Brüstle O, Choudhary K, Karram K, Hüttner A, Murray K, Dubois-Dalcq M, McKay R D
Laboratory of Molecular Biology, National Institute of Neurological Disorders and Stroke, National Institutes of Health, Bethesda, MD 20892-4092, USA.
Nat Biotechnol. 1998 Nov;16(11):1040-4. doi: 10.1038/3481.

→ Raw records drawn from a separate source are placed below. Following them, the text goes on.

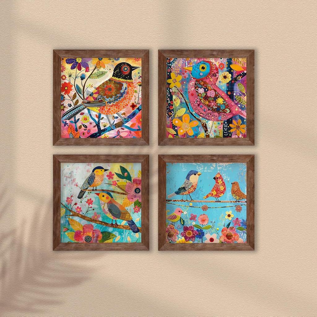 Impresii de Artă Murală cu Păsări și Flori Colorate, Designuri Botanice Vibrante cu Picturi cu Păsări Exotice pentru Decorul Casei și Biroului (9x9 Inci, Set de 4)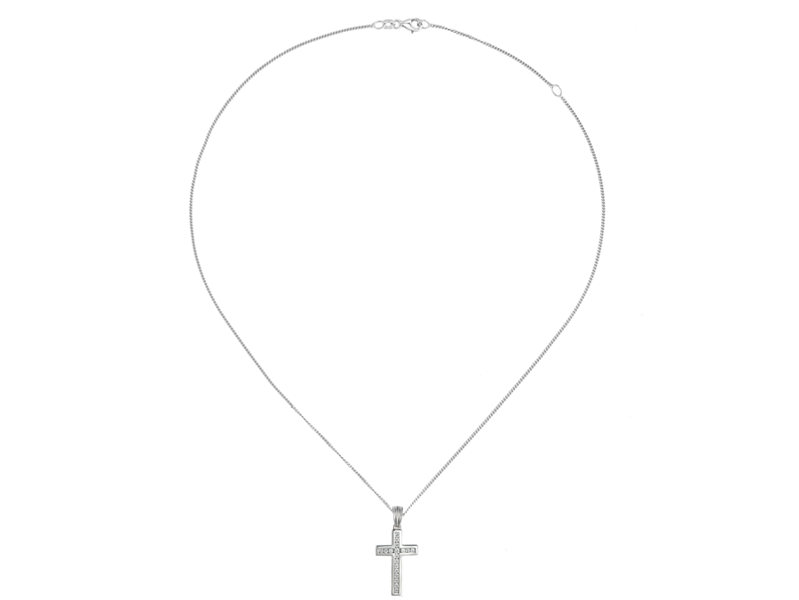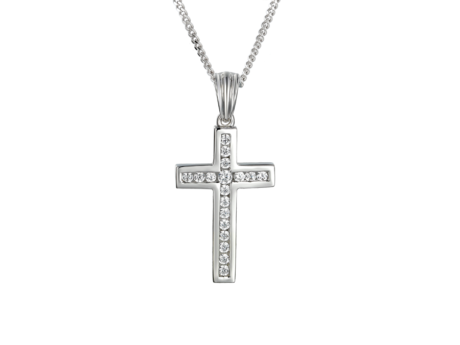This cross is 25mm high including the loop and 12mm wide with 18 round Cubic Zirconia set in channels.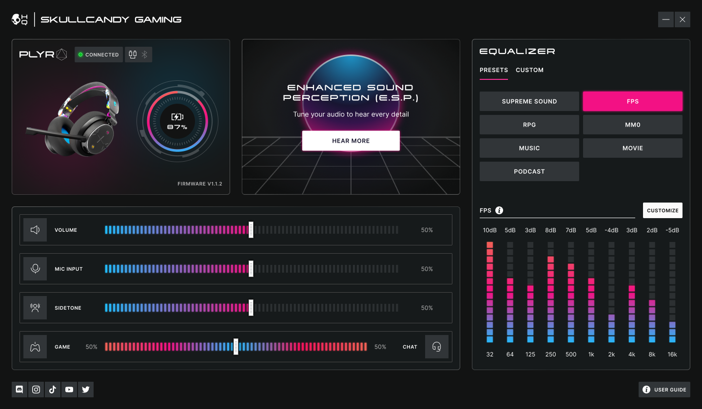 Skullcandy gaming software provides everything you need to dial in your SLYR Pro Wireless, SLYR Pro, and PLYR headsets. Whether you want to set the equalizer to First Person Shooter (FPS) or music mode within the equalizer panel, adjust game/chat mix and sidetone levels, or take the Enhanced Sound Perception (ESP) test and tune your headset to your unique hearing, our suite of tools will take your in-game audio to the next level.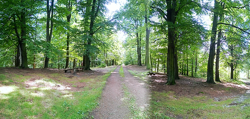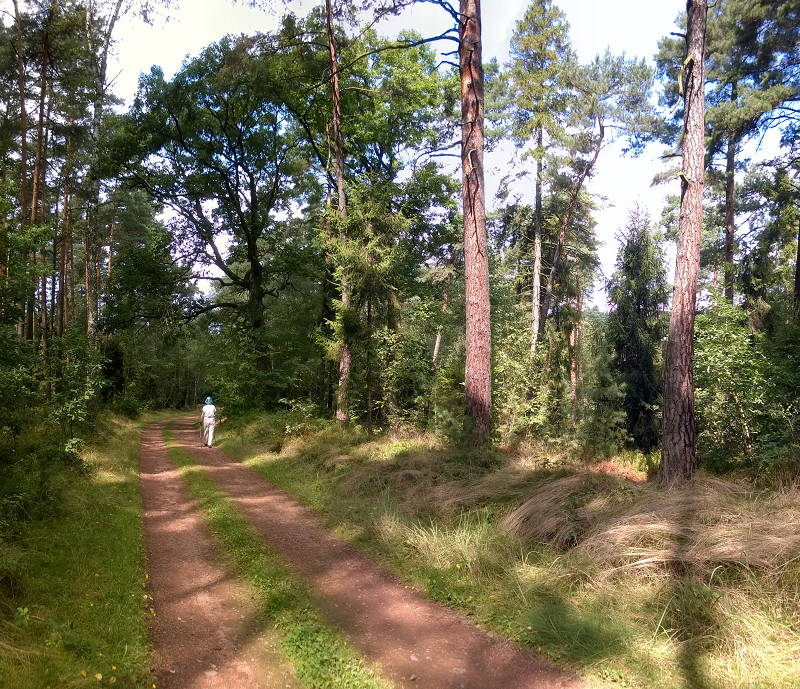 Potem gdzieś w środku spaceru kusi mnie szeroki kadr od ścieżki przez ciekawe poszycie leśne po prawej stronie. Niestety znowu kończy się na dwóch ujęciach. Rozdzielczość oryginału 4053 x 3495. Efekt poniżej dopasowany do możliwości blogu.

Limited experimental access to the central nervous system (CNS) is a key problem in the study of human neural development, disease, and regeneration. We have addressed this problem by generating neural chimeras composed of human and rodent cells. Fetal human brain cells implanted into the cerebral ventricles of embryonic rats incorporate individually into all major compartments of the brain, generating widespread CNS chimerism. The human cells differentiate into neurons, astrocytes, and oligodendrocytes, which populate the host fore-, mid-, and hindbrain. These chimeras provide a unique model to study human neural cell migration and differentiation in a functional nervous system.
在人类神经发育、疾病和再生研究中,对中枢神经系统(CNS)进行有限的实验性研究是一个关键问题。我们通过生成由人类和啮齿动物细胞组成的神经嵌合体来解决这个问题。植入胚胎大鼠脑室的胎儿人类脑细胞会分别融入大脑的所有主要区域,产生广泛的中枢神经系统嵌合现象。人类细胞分化为神经元、星形胶质细胞和少突胶质细胞,这些细胞分布在宿主的前脑、中脑和后脑。这些嵌合体为研究功能性神经系统中人类神经细胞的迁移和分化提供了一个独特的模型。